I was feeling pretty plump when Gwynn shifted from the over dinner banter to the next thing on the agenda. "Ready for dessert?"

"Oh, wow! I'm glad I talked you out of the ice cream at the store. I think I can just squeeze this one into a corner that hasn't been filled up yet."

"I can sympathize with that; I'm feeling rounder than I expected too. I just hope that this replacement you suggested works as well as you say; I've never even thought about having blueberries and cream before."

"If you want to tap into that bottle of Port that you liberated from La Casita, it would go well with this too."

Gwynn paused for a few pensive seconds. "That sounds like a great culinary idea, but I've decided that that bottle has a more important destiny!"

"Oh. What?" I managed to mumble around a mouthful of blueberries.

"We will open that bottle the day that we have slain the last of my dragons and you have breached the walls of my castle!"
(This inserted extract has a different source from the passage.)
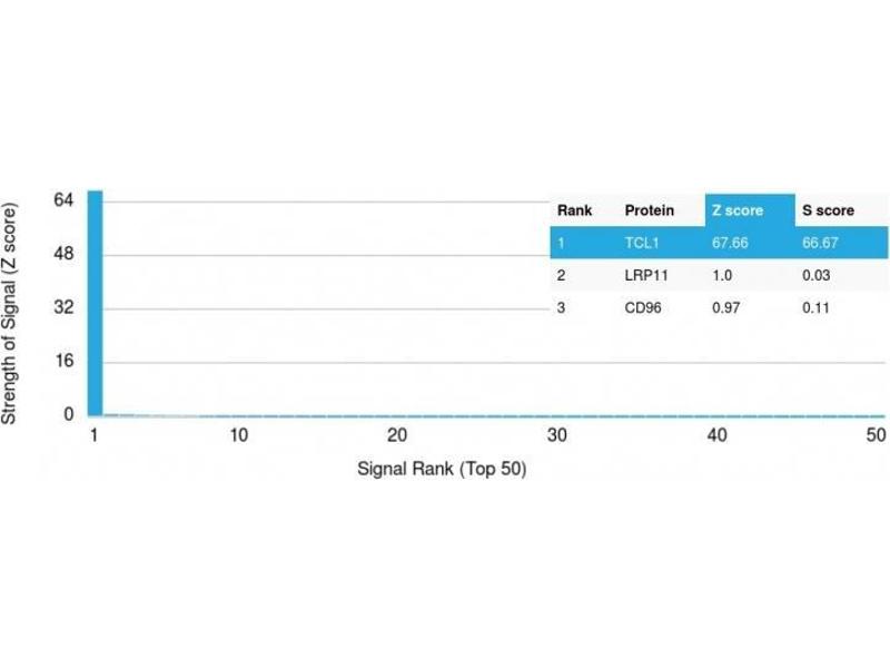- Recombinant fragment (around aa 2-109) of human TCL1 protein (exact sequence is proprietary)

This news was enough of a surprise that I inhaled some of what I was swallowing and went into a pretty strong coughing jag! The next thing I knew Gwynn was busy pounding on my back as I coughed. "Dadburn it Stef, you are not allowed to check out until well after we have had a successful dragon hunt!"

When my respiratory system was again working smoothly, I replied, "Okay, you can let up. Thanks for the help here!

"Hmm, so Andromeda has determined to spit in the face of her dragon and become Diana the dragon huntress, ay? How do I fit into this quest? If I am to be Perseus where do I find Pegasus? If you are packing the heat of Artemis and Diana, do I just get out of your way and try not to get hit by a random blast of dragon fire?

"Now, so much for fun. Let me slip out of my cloak of mythology and ask Gwynn the huntress what the first move in her campaign is to be?"

"Jeez, Stef, are you always this full of crap?" I gave Gwynn a pained look. "No, don't answer that! It was a rhetorical question and I don't need a Shakespearian line about cutting you to the quick or the like! Just so you don't feel too trodden down, I will grant that it is usually fun or interesting crap that you grace my ears with—it's just that it is usually so off-the-wall that it makes my head spin.

"Finally, in answer to your one pertinent question, I do have a plan and you do figure in it. I am a bit concerned that you may think I am being rather cruel and unusual though."

"I'm not volunteering for duty as dragon bait!"